Further, Mervyn King provided more details in a Tuesday evening speech, on other actions the BOE plans. From the Independent:
The Bank of England will start buying up corporate bonds within weeks to unblock capital markets and free banks' balance sheets so that they can lend to support the economy, Mervyn King, the Bank's Governor, said last night.
In his first speech of the year, Mr King outlined radical plans for the Bank to buy up an initial £50bn of illiquid assets in the market to increase the flow of credit, with the option of ex-tending the scheme to boost the money supply by effectively creating new money. The asset purchases will come on top of a raft of other measures designed to get banks lending to limit the impact of the recession.
Mr King told a CBI dinner in Nottingham that the Bank was ready to use "unconventional measures"....
The Government is wary of taking on extra risk by buying corporate credit outright, and Mr King stressed that the Bank would only buy assets that played a key role in the financial system and for which there would be strong dem-and in normal conditions.
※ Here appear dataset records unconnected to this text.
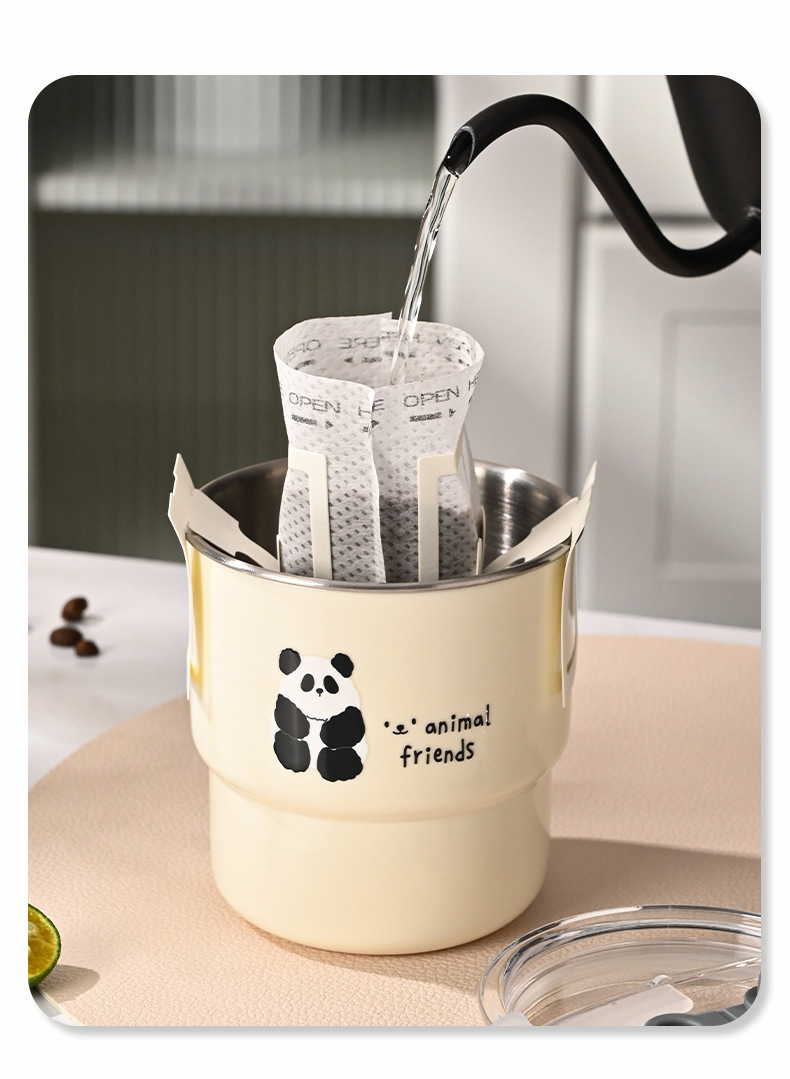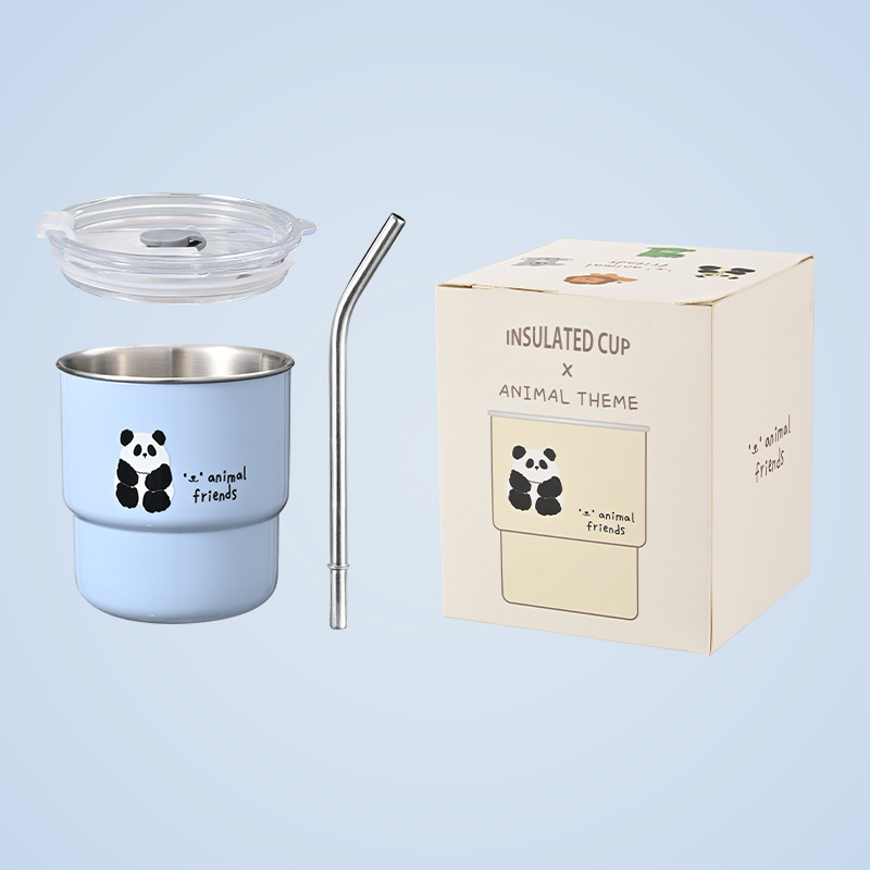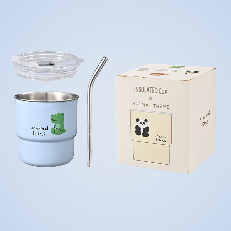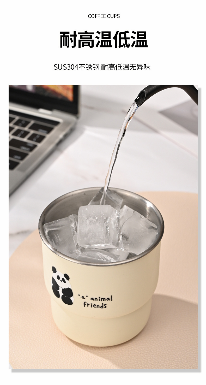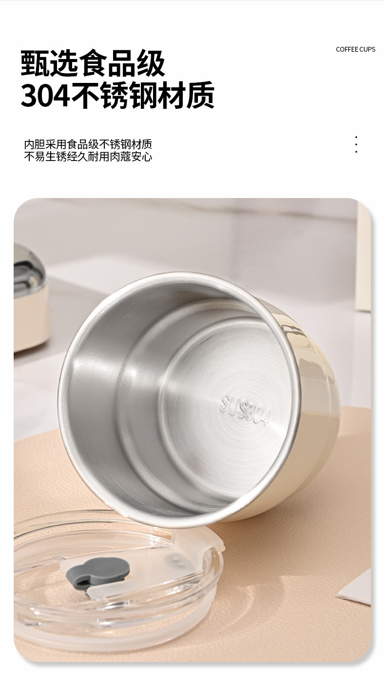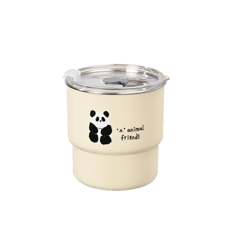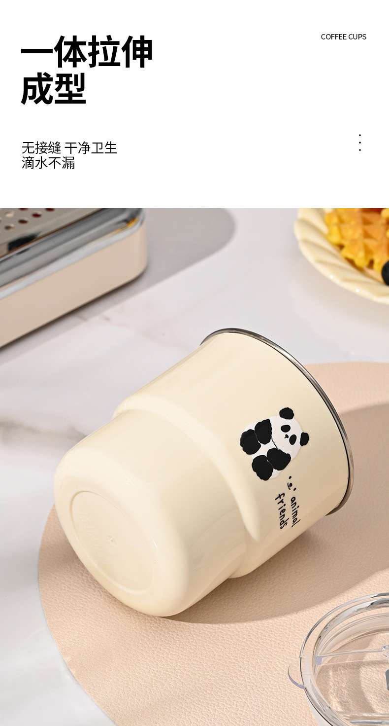 304不锈钢咖啡杯家用杯子上班族奶茶杯带盖吸管杯可爱卡通饮料杯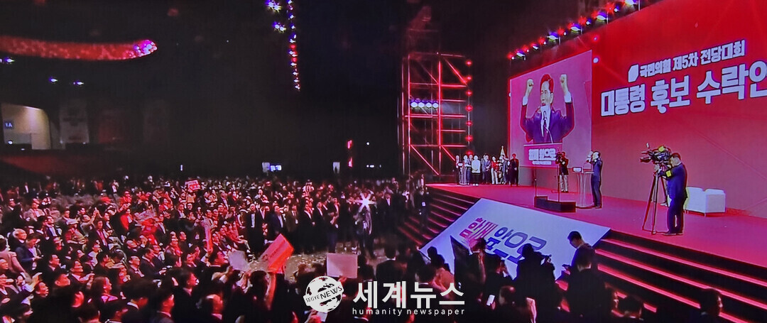 [세계뉴스 = 탁병훈 기자] 김문수 전 고용노동부 장관이 국민의힘 대선 후보로 선출됐다. 김문수 후보는 경기도 고양시 킨텍스에서 열린 전당대회에서 종합 득표율 56.53%를 기록하며 한동훈 전 국민의힘 대표를 꺾고 대선 후보로 확정됐다.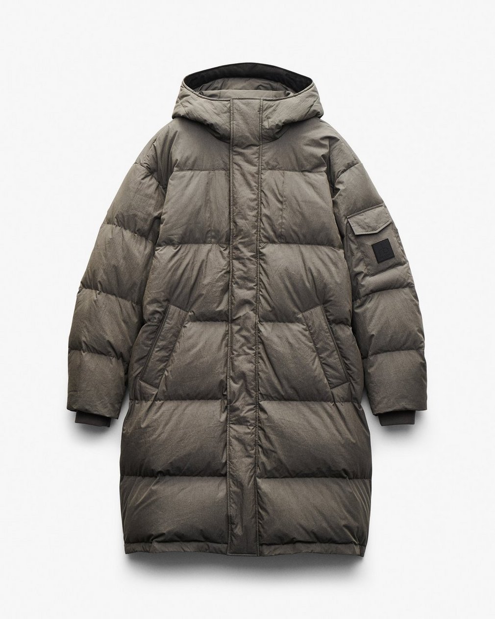Built for the coldest days. This knee-length down jacket combines a durable cotton blend with frigid-weather features like plush insulating fill, a hidden zip- and snap-front, and plenty of sleek zip pockets. Drawcords at the hem and hood let you fine-tune the fit, while the custom lining and subtle signature details throughout make it unmistakably ours.

"There is a fine dividing line between helping to oil the wheels in markets that are temporarily impaired and artificially supporting markets in which there is no underlying demand," the Governor said. "Such asset purchases involve taking more credit risk on to the public sector balance sheet. That is why the Bank will consider purchasing only high-quality assets." He highlighted as potential purchases high-quality corporate bonds, whose risk spreads had been driven to their highest since the mid-1970s because of illiquid markets. Bank buy-ups of commercial paper could also ease that market, though it is less important in the UK than in the US, he added.